The monocoque fuselage permitted the fuselage’s skin or shell, rather than the aircraft’s frame, to carry the loads and stresses of flight. In the matter of fuselages, most of the early structures before and a few years after the Wright Brothers’ first successful airplane flight were simply kite-like frames designed to hold together the various components of the airplane. By 1912, however, engine power was increasing, along with speeds, altitudes and maneuverability – all creating greater loads on the fuselage. In that year a great innovation appeared – the so-called monocoque structure. “Monocoque”, from the Greek monos and the French coque, means “single shell”.  In the pure monocoque structure, there is no internal bracing; the shell bears all the loads and because it is in the basic shape of a tube, it has enormous strength. In later years this approach was modified to the semimonocoque design, which had stiffeners running the length of the fuselage. Engineers also used the term “stressed skin” construction because even though there is internal bracing, the skin bears most of the flight loads.

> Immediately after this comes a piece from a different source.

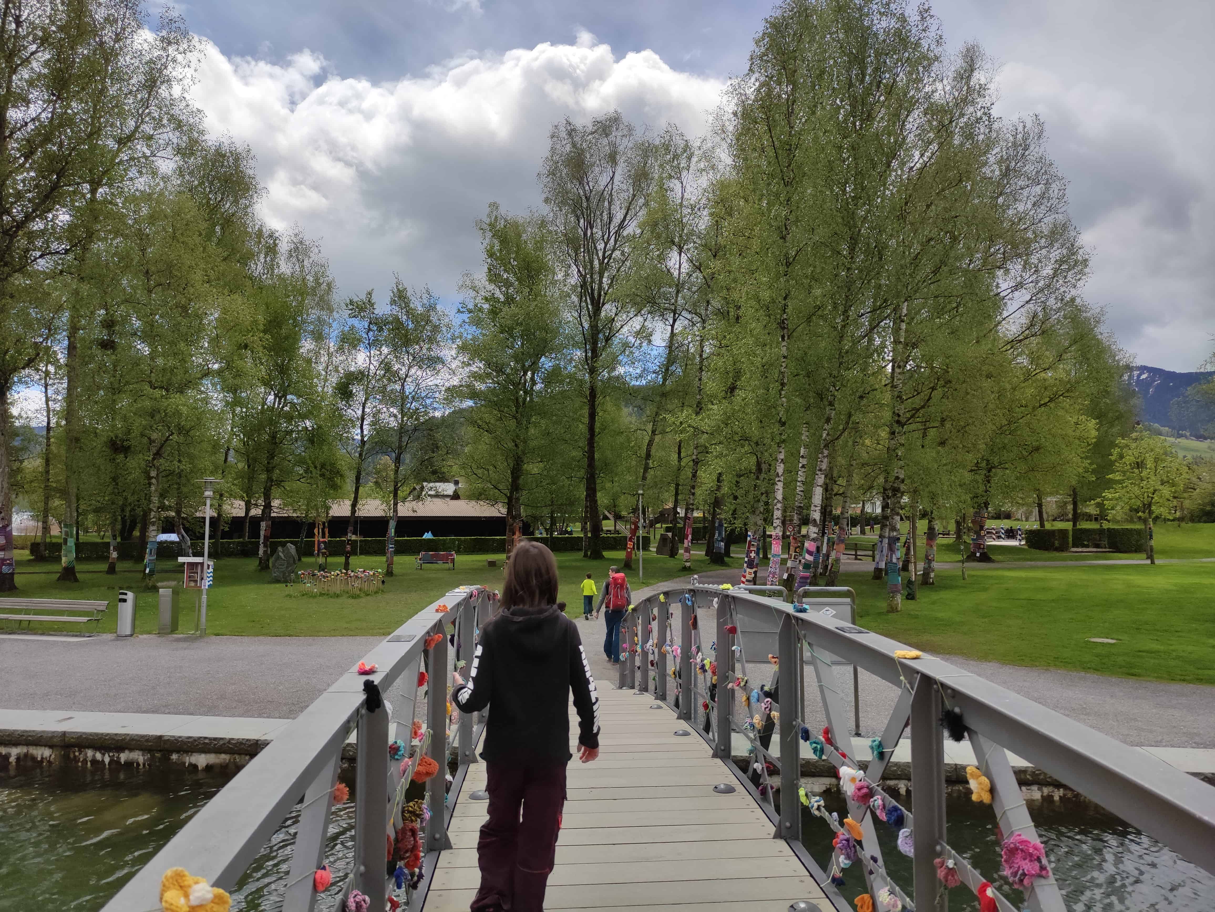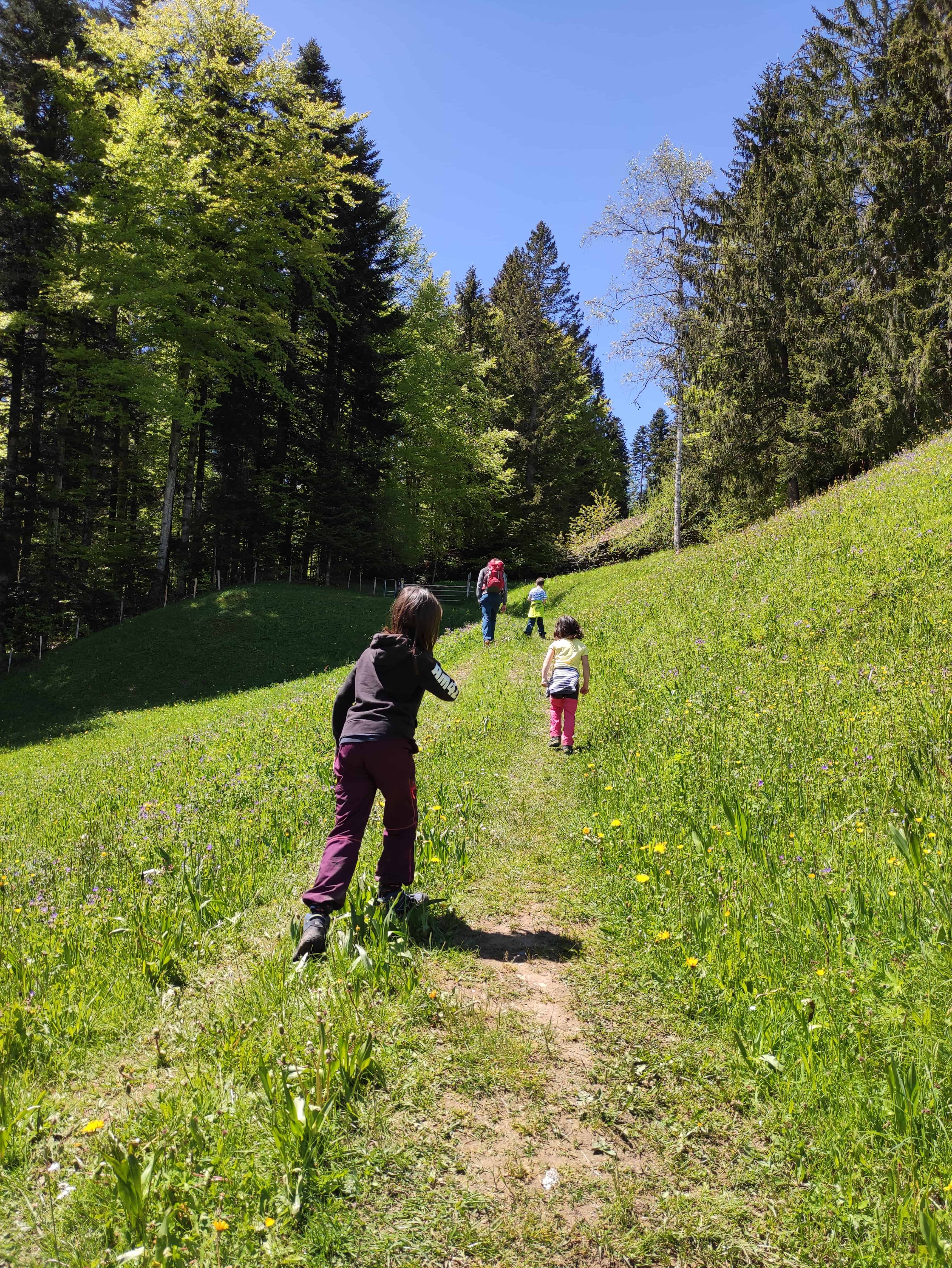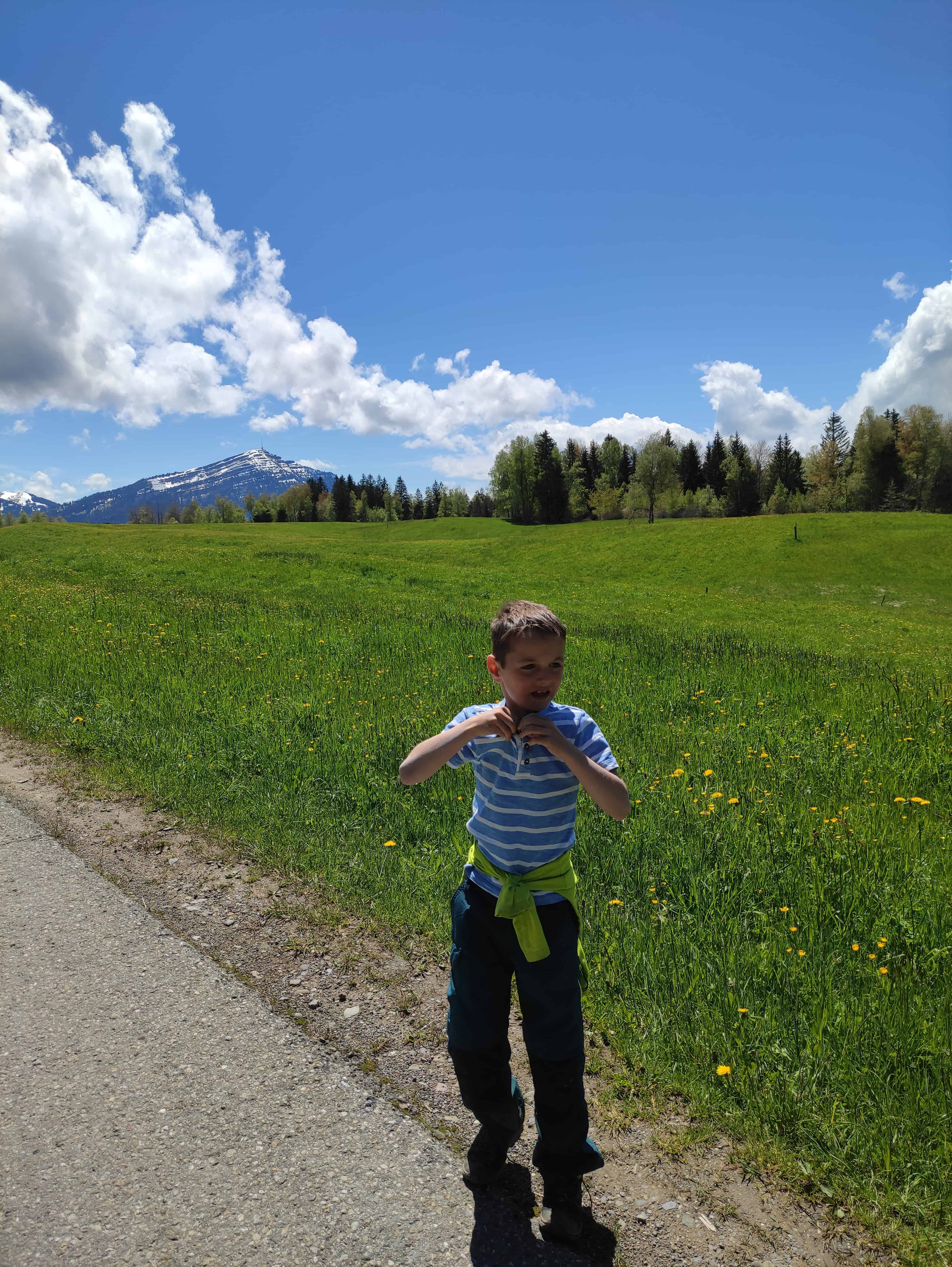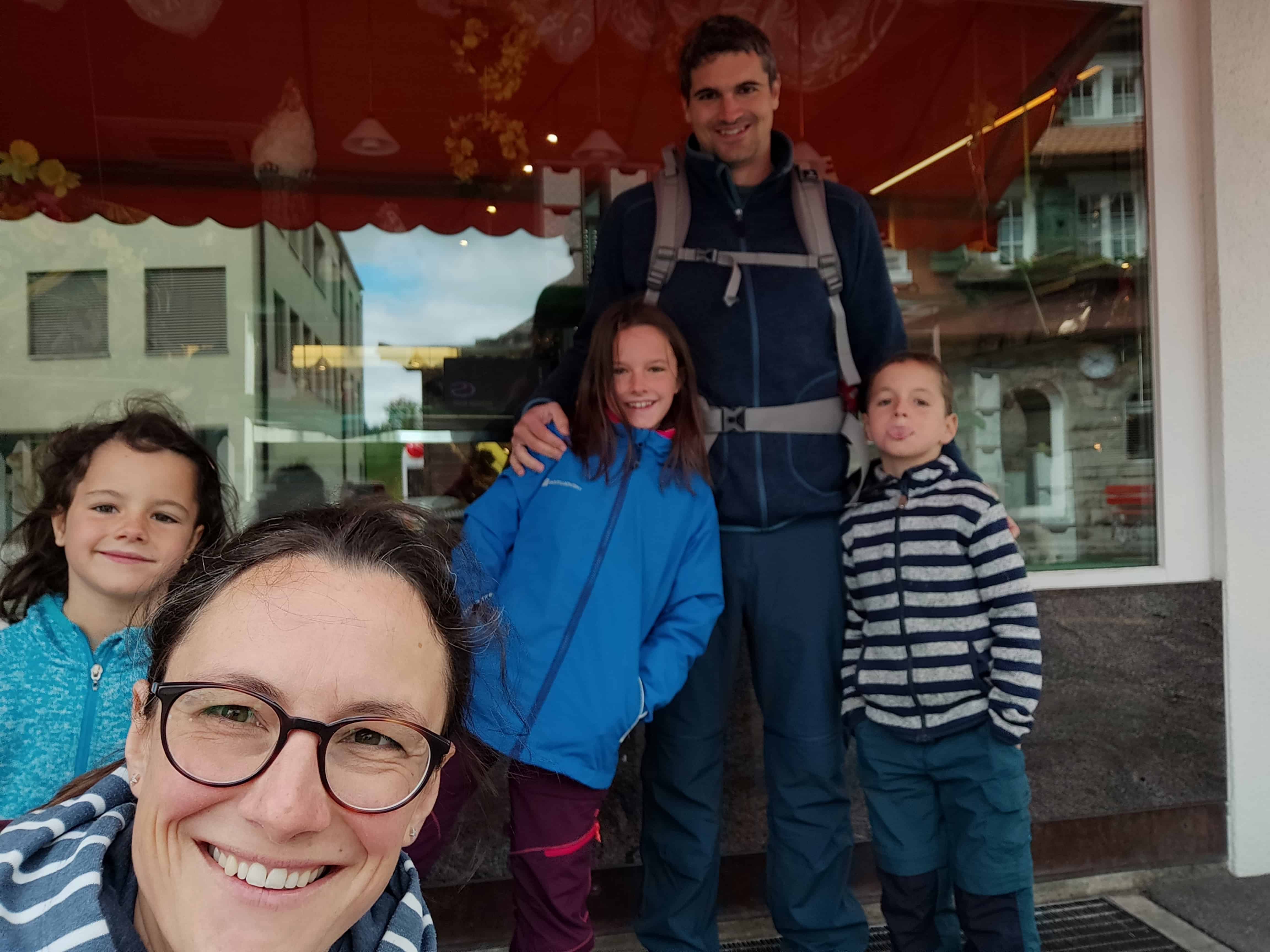 Aus dem Rucksack. In Unterägeri haben wir in der Bäckerein Zumbach, die Bekannten von uns gehört, frischen Zopf (noch heiss!) gekauft. Am Ufer des Ägerisees haben wir auf dem Spielplatz das Picknick gegessen. Unterwegs sind Gummibärli immer eine gute Belohnung.

The first application of monocoque construction came from the drawing board of a French designer M. L. Béchereau; the airplane itself was built of molded wood by the aircraft works of Jules Deperdussin, a famous plane maker of the time. The fuselage was molded in two halves, which were fitted together. In addition to structural strength, the rounded, streamlined shape provided an aerodynamic bonus in lower drag, and in Chicago on September 9, 1912, the Deperdussin monoplane set its first – and a new - world’s speed record of 108 miles per hour. And despite setting another world speed record in 1913, it wasn’t until 15 years later – around the late 1920s – that the monocoque fuselage construction became universally accepted as a standard principle in aircraft construction.